If patients had a history of significant cetuximab infusion reactions, a tumor invading a major blood vessel, or impaired hepatic or renal function, they were excluded.
Investigators administered a challenge dose of cetuximab at 100 mg to evaluate patient tolerability to the photoimmunotherapy. Intravenous dexamethasone and d-chlorpheniramine were used as pretreatment to reduce the risk of hypersensitivity.
Those who did not experience grade 3 or higher toxicity with the cetuximab challenge subsequently received a single treatment of RM-1929 at 640 mg/m2. Illumination of the tumor was done at 24 hours plus or minus 4 hours following infusion to allow the opportunity for drug distribution within the tumor.

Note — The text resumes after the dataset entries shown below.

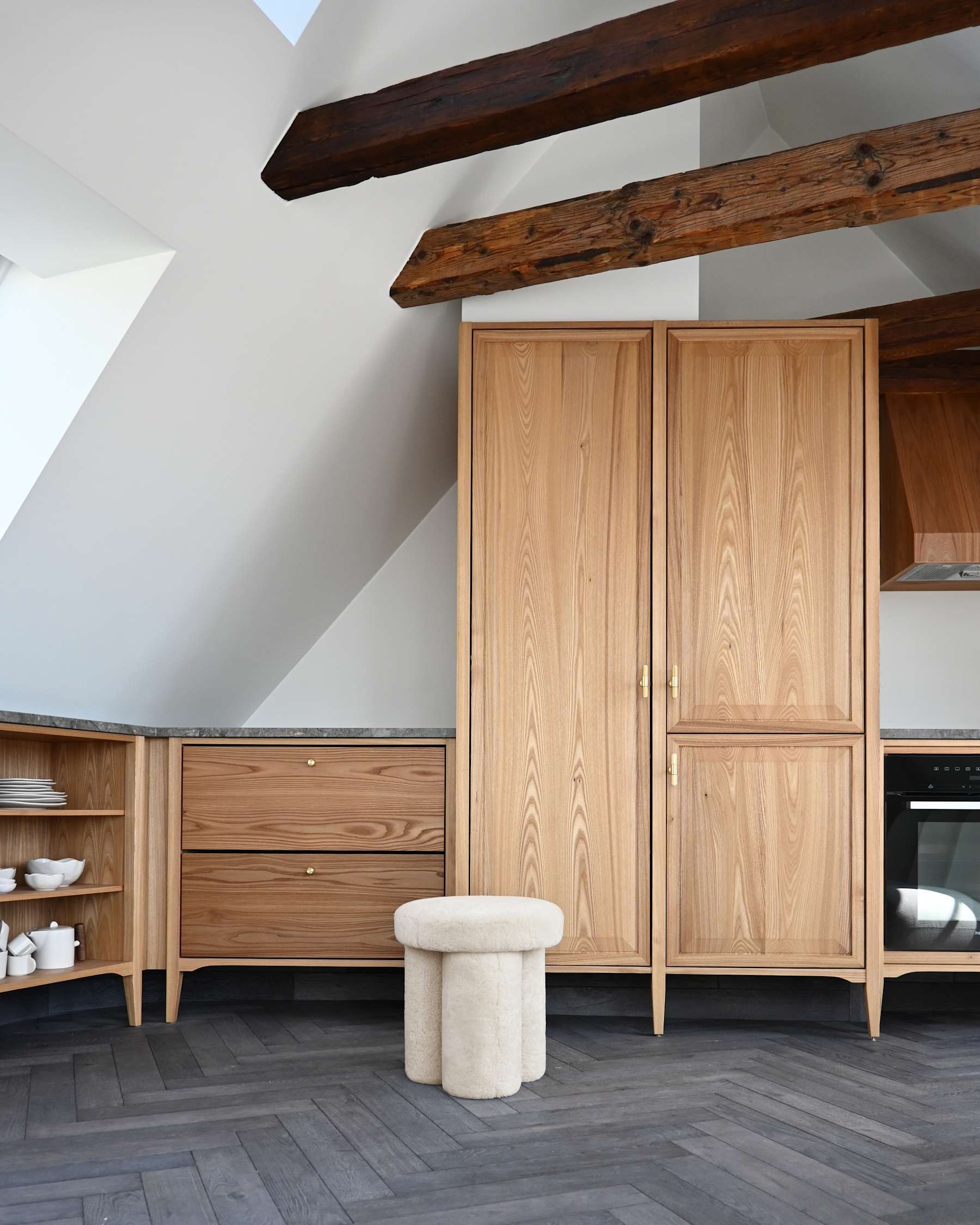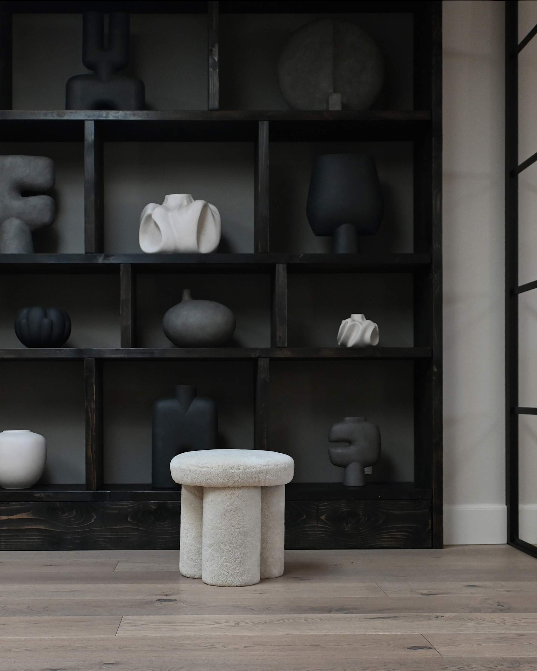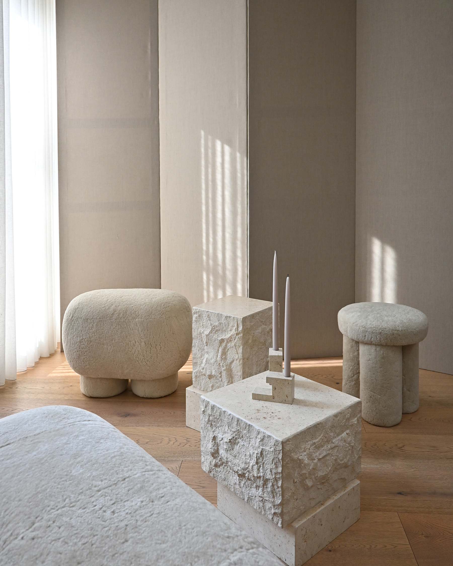 Stołek w tkaninie Sheepskin BIG FOOT piaskowy
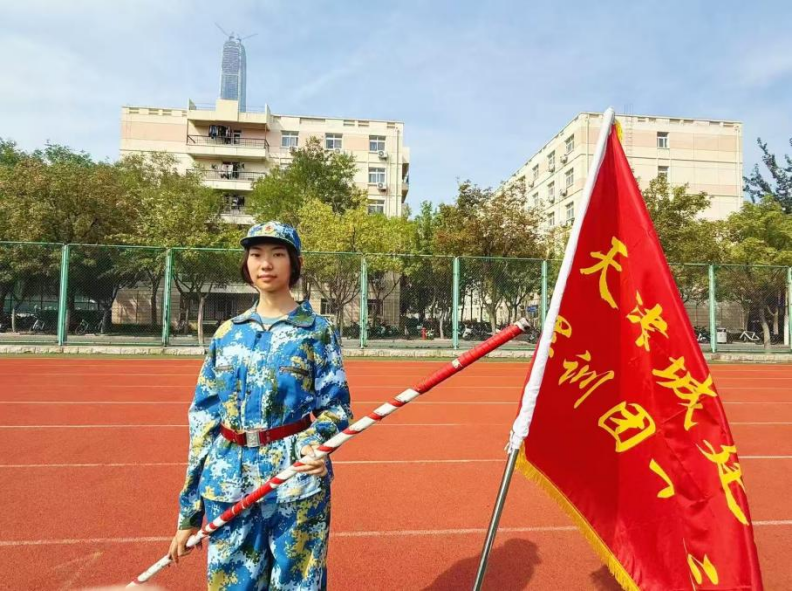 休息时她鲜少闲谈,总是默默整理军装领口与腰带,用细节保持军人姿态;训练中发现同学动作偏差,会用规范的手势悄悄示意提醒。她以 “标杆” 之姿引领节奏,把 “责任” 与 “榜样力量” 化作无声指令,推动队伍向 “更整齐、更有力” 迈进,鲜活明亮的笑容里,藏着对集体荣誉的珍视。
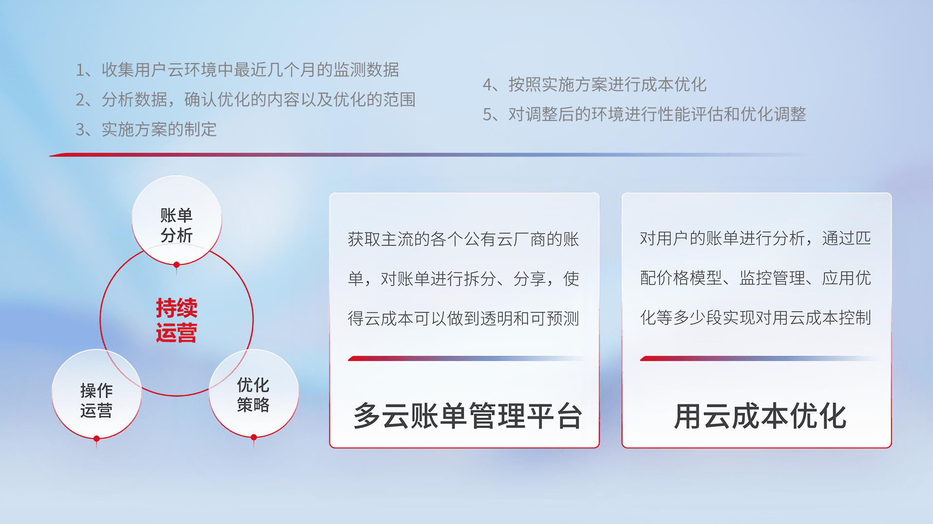 通过多云纳管,,,,以统一的资源数据模型把客户的云资源进行抽象和封装,,,,进而实现对多云资源的统一操作,,,保障云资源管理的可靠性、、、、稳定性与可用性。。量身定制化运维内容,,配置、、、开发运维、、、、补丁管理、、备份、、监控、、、、认证和访问管理、、、、审计和日常巡检等,,保障在用云过程中的可靠度,,,,稳定度以及高可用率。。。
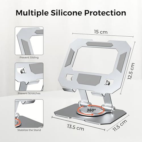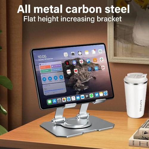 Dyazo - حامل تابلت من الألومنيوم بقاعدة دوارة 360 درجة، تعديلات متعددة الزوايا متوافق مع اي باد برو 12.9 | 11 | 10.9 | 10.2 | اير | ميني وسامسونج جالاكسي تاب ولينوفو باد وجميع أجهزة التابلت من ديازو - فضي
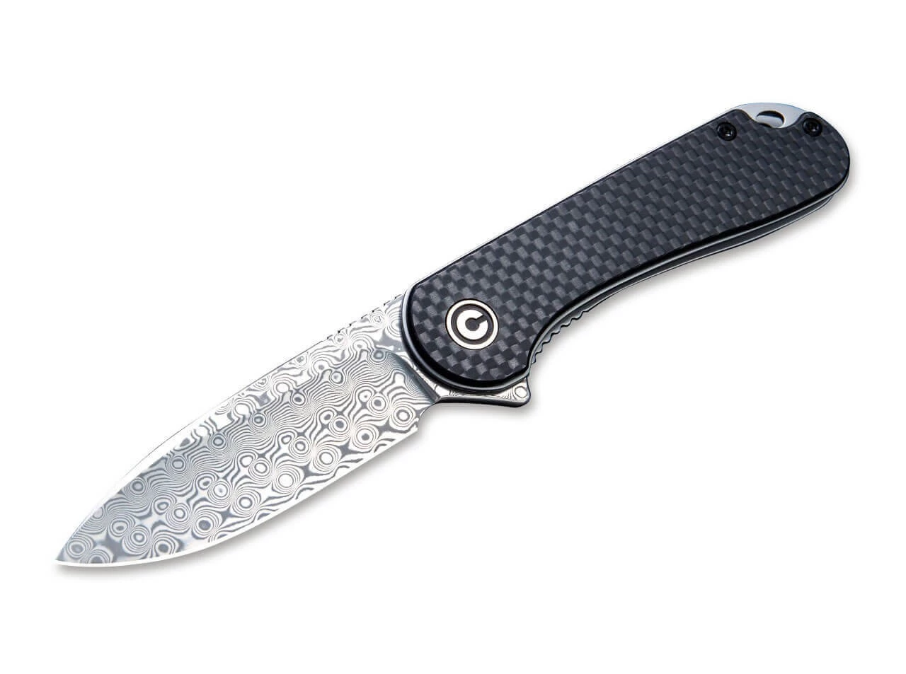 Das schlichte Elementum C907DS von CIVIVI ist mit Griffschalen aus mit Kohlefaser überzogenen schwarzen G10 und einer Klinge aus Damast ausgestattet. Das robuste Auftreten, die Zuverlässigkeit und nicht zuletzt das ausgezeichnete Preis-Leistungs-Verhältnis machen das Elementum zu einer ausgezeichneten Wahl für den Alltag. Die Klinge lässt sich dank des Flippers unkompliziert öffnen und verriegelt per Linerlock. Mit Deep-Carry-Clip und Fangriemenöse (Tip/down).
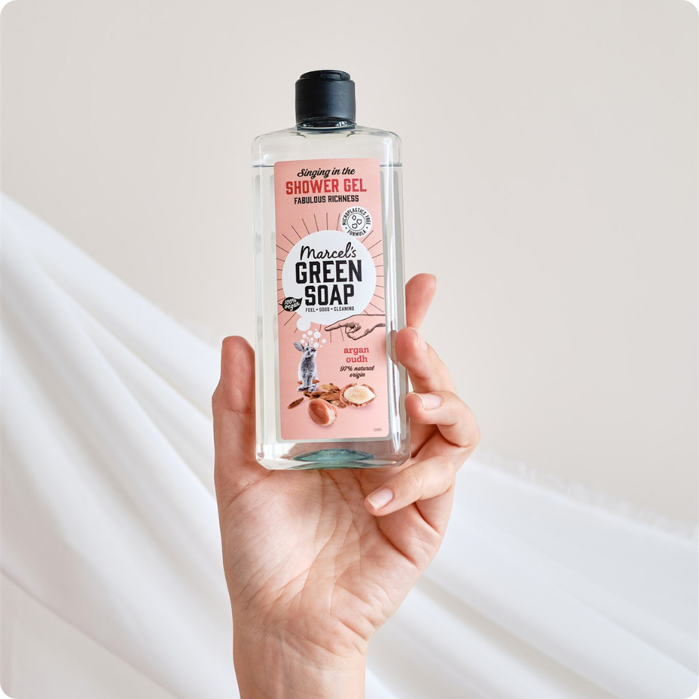 Marcel’s Green Soap Douchegel voor een heerlijke douche ervaring. Met de rijke, nootachtige geur van Argan & Oudh. Verrijkt met aloë vera en plantaardige glycerine voor extra hydratatie en zachtheid. Fles leeg? Vul 'm eenvoudig bij met de Douchegel Navulverpakking Argan & Oudh en bespaar plastic!
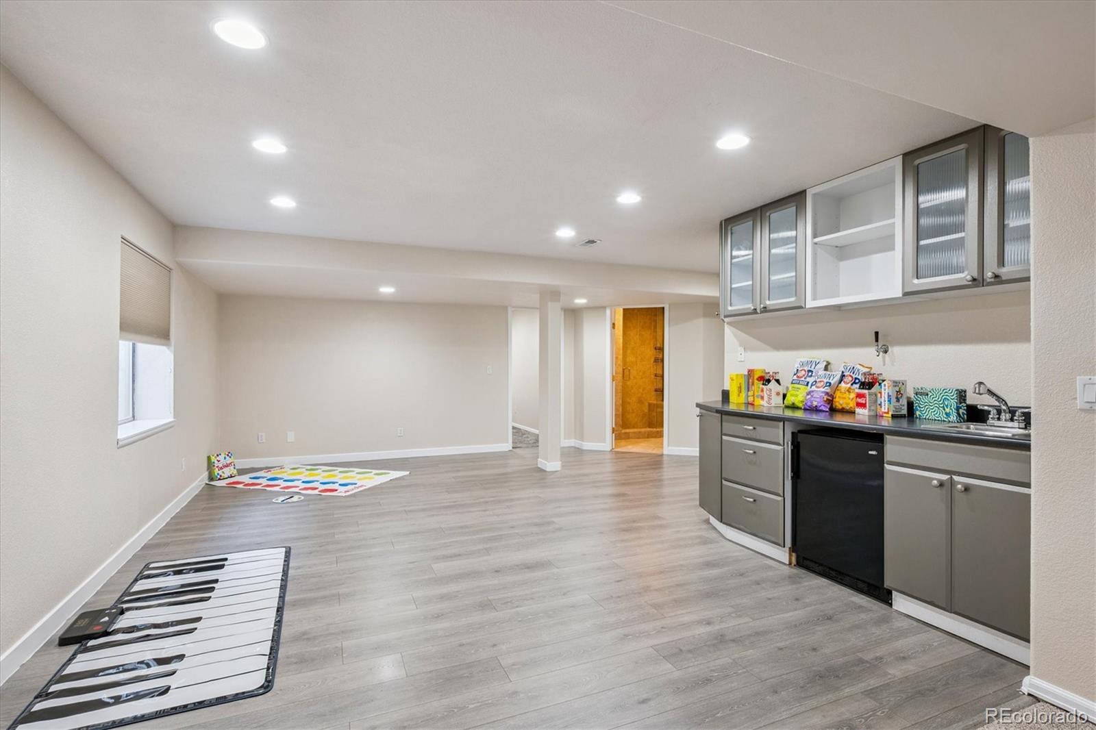 Welcome to Your New Retreat Styled Life in Grant Ranch Nestled in this Inviting Ranch Home Boasting an Open Interior Design Accented by Stunning Hardwood Floors, Granite Slabs, Brand New Carpet, Interior Paint & Sod in the Backyard Near the Expansive Patio. As you enter Grant Ranch and enjoy the peaceful drive through the tree lined streets, passing numerous pocket parks, the amazing rec center and marina you will breathe easier. As you approach the home the curb appeal will delight your senses and invite you to stay and relax. Crossing over the threshold the bayed formal living room & dining room greet you as the sparkling hardwood flows easily throughout and invites you to continue into the open kitchen, dining, and family area. Soaring vaults and abundant windows accentuate the interior with natural lighting. The kitchen features an ideal large island, abundant cabinetry, and stunning granite slabs. The dining room boasts a home office desk and flows easily into the family room w large custom built-ins, a gas fireplace for instant ambiance and access to the oversized concrete patio. The private primary bedroom hosts a 5-piece bath & large walk-in closet. Down the hall two secondary bathrooms, a full bathroom & laundry room w storage finish the main level. The finished basement boasts a huge family room w a wet bar, large bedroom w walk-in & a 3/4 bath w elegant steam shower. The location is truly ideal w easy access to various shopping, dining & conveniences along Wadsworth, as well as more outdoor fun ranging from concerts in the park to beautiful walks at Clements Park. Easy commutes are icing on the cake via Bowles to Santa Fe light rail station, for daily downtown commutes or fun outings in Denver like Bronco games, concerts or plays at the Denver Center of Performing Arts. This truly is a move in ready home just awaiting your arrival, welcome home!
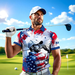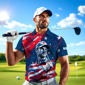 Turn heads on the course and show your patriotic pride with this Custom Face American Flag Golf Polo! Featuring a personalized portrait of your face transformed into a dynamic, illustrated golfer and surrounded by bold red, white, and blue brush strokes, this shirt is a true celebration of both personality and patriotism.
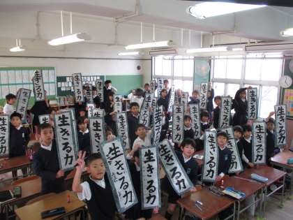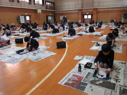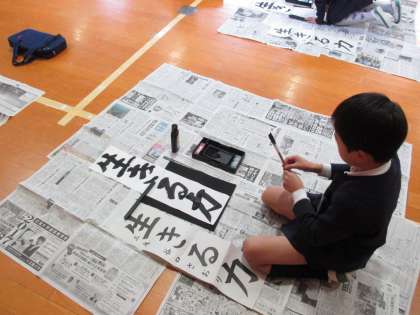 3・4年生は、本日書き初めを講堂で行いました。講堂の床一面に新聞を敷いて、お手本を置き、縦長の半紙と向き合って、心を込めて書きました。これは、3年生の完成作品です。

A frontal diffuser was used to apply red light for surface light treatment of superficial tumors that were defined as being less than 1 cm thick, or a cylindrical light diffuser was used for interstitial placement of the diffuser into tumors that were 1 cm or deeper. Light was applied at an irradiation of 150 mW/cm2 for surface illumination and fluence rate of 400 mW/cm diffuser length for interstitial illumination.
The primary objective of the trial was to examine the safety of a single treatment cycle of the photoimmunotherapy in Japanese patients with recurrent HNSCC. Safety was examined by monitoring dose-limiting toxicities. Important secondary objectives included tumor response, pharmacokinetics, and immunogenicity.
All 3 patients enrolled to the trial were female and had a favorable ECOG performance status. Moreover, all patients did not respond to 3 or more prior lines of therapy, which included radiation, chemotherapy, cetuximab, and immunotherapy.
Results indicated that 2 patients achieved an objective response to treatment, both in the form of a partial response. The third patients experienced progressive disease following treatment with RM-1929.
Regarding safety, all patients experienced at least 1 treatment-emergent adverse effects (TEAE) although none were determined to be dose limiting. The most frequently experienced TEAE was application-site pain, and this was observed in all patients. However, this toxicity resolved within the 4-week study period. Localized edema was also a common toxicity; 1 patient experienced application-site edema, 1 experienced face edema, and 1 experienced localized edema. These events were noted to be mild in severity and to have resolved within 1 week of onset.